(Work required) The copy should hold exactly the lines below from the one that contains "Women's mid indigo" through the one that contains "Ahşap Altlıklı Fincan" and nothing else, so no pictures.
========
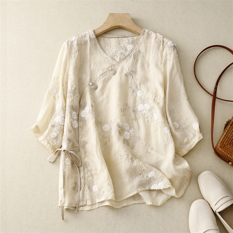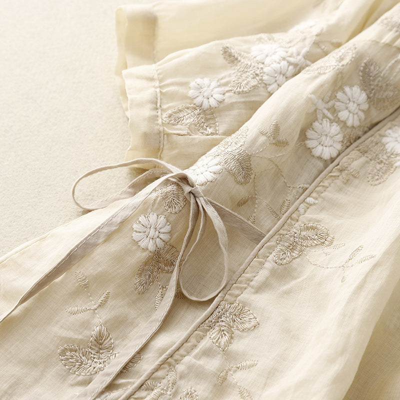 Woven from our featherlight Gossamer linen, this blouse drapes with floral embroidery and soft diagonal ties. Three delicate buttons trace the neckline, while gathered sleeves lend quiet rhythm—stitched for days touched by breeze and bloom.
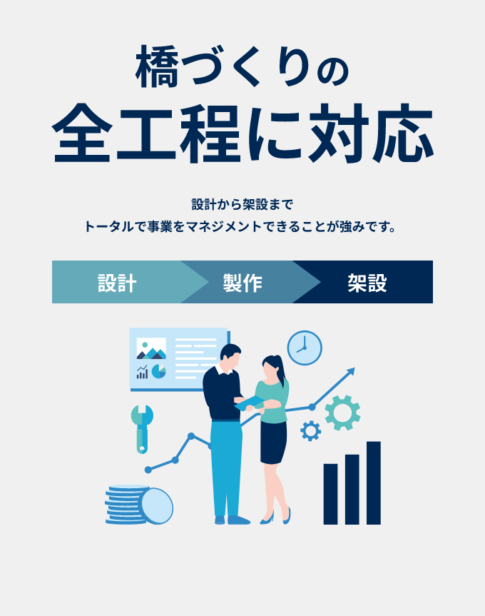 数々の名だたる橋梁を架設してきたエム・エム ブリッジ。 155年以上の歴史を支える「私たちの強み」をご紹介します。
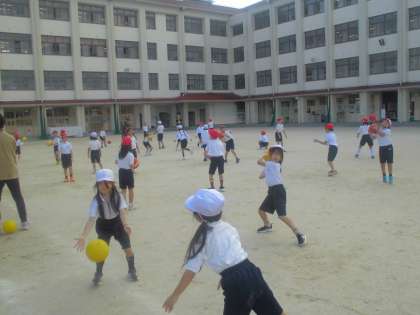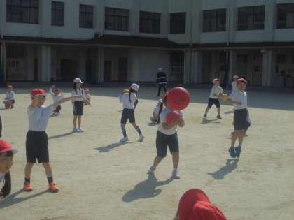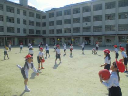 ボールを空に向かって投げたり地面に大きくはずませたり…、お友だちに向かって下から投げたり上から投げたり…、上手にキャッチすることにもチャレンジしています。2年生の子どもたちがボールを上手にあつかえるように、いろいろな動きや運動に取り組んでいました。運動会の練習も終わって普段の体育の授業風景が戻ってきました。「こんなことできるかな?」という先生の問いかけに対して、「先生できたよー」「○○さんめっちゃじょうずやで」…子どもたちの返す元気な声が聞こえてきます。
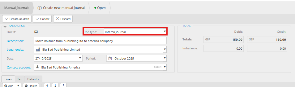 - On creating your manual journal, you would use the document type of Interco Journal.
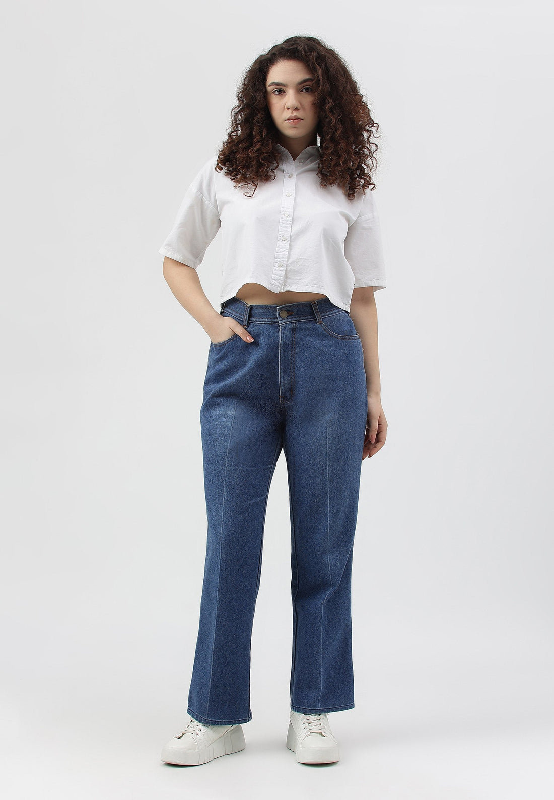 Women's mid indigo straight jeans that sit high on the waist with narrow leg openings....
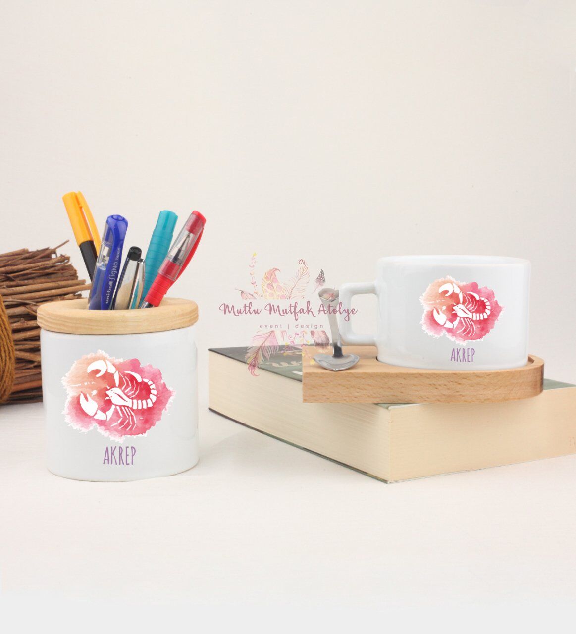 Ahşap Altlıklı Fincan ve Kalemlik Seti Akrep Burcu
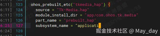 ②检查并修改构建配置文件(BUILD.gn) 系统应用的编译通常由 BUILD.gn 管理依赖,需确保构建系统不再尝试引用该应用: 1. 进入 applications/standard/hap 目录,编辑 BUILD.gn 文件; 2. 在 BUILD.gn 中找到对 Tk-Media.hap 的目标声明或依赖配置 (例如 ohos_prebuilt_hap 或 group 中的引用),将其删除。 示例(假设原配置): gn ohos_prebuilt_hap("Tk-Media") { source = "Tk-Media.hap" # 其他配置... } 删除整个该目标的声明块。
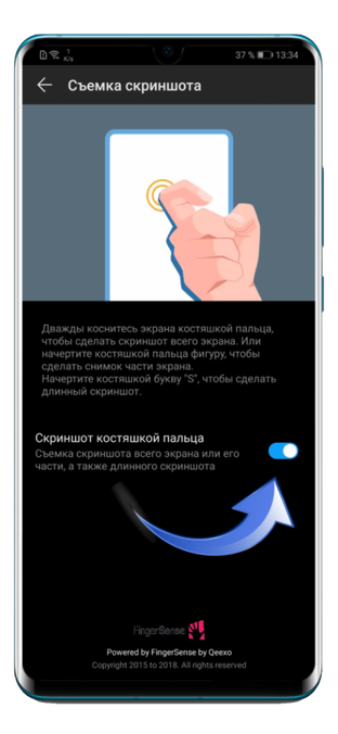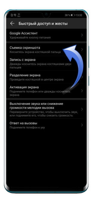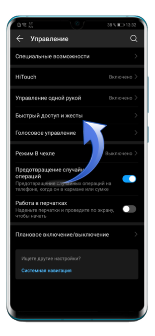 Более дорогие смартфоны Huawei предоставляют пользователям возможность делать скриншоты с помощью фаланг пястных костей (костяшками). Чтобы активировать данную функцию, необходимо пройти по следующему пути: «Настройки» — «Управление» — «Быстрый доступ и жесты».
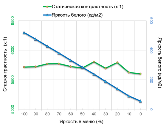 Максимальный коэффициент статичной контрастности в случае новинки составил от 6500:1 до 7600:1 в зависимости от выбранного режима изображения, что лишь подтвердило использование *VA-матрицы. После калибровки со значительными правками RGB сигнала для приведения точки белого в норму (6500 К) коэффициент контрастности снизился до 6400:1, но в ходе продолжительного прогрева устройства снизился до 5700:1, что всё еще выше заявленного в ТХ и является очень хорошим результатом. Переход к HDR результаты не меняет.
========
(Written solution)
 Women's mid indigo straight jeans that sit high on the waist with narrow leg openings....
 Ahşap Altlıklı Fincan ve Kalemlik Seti Akrep Burcu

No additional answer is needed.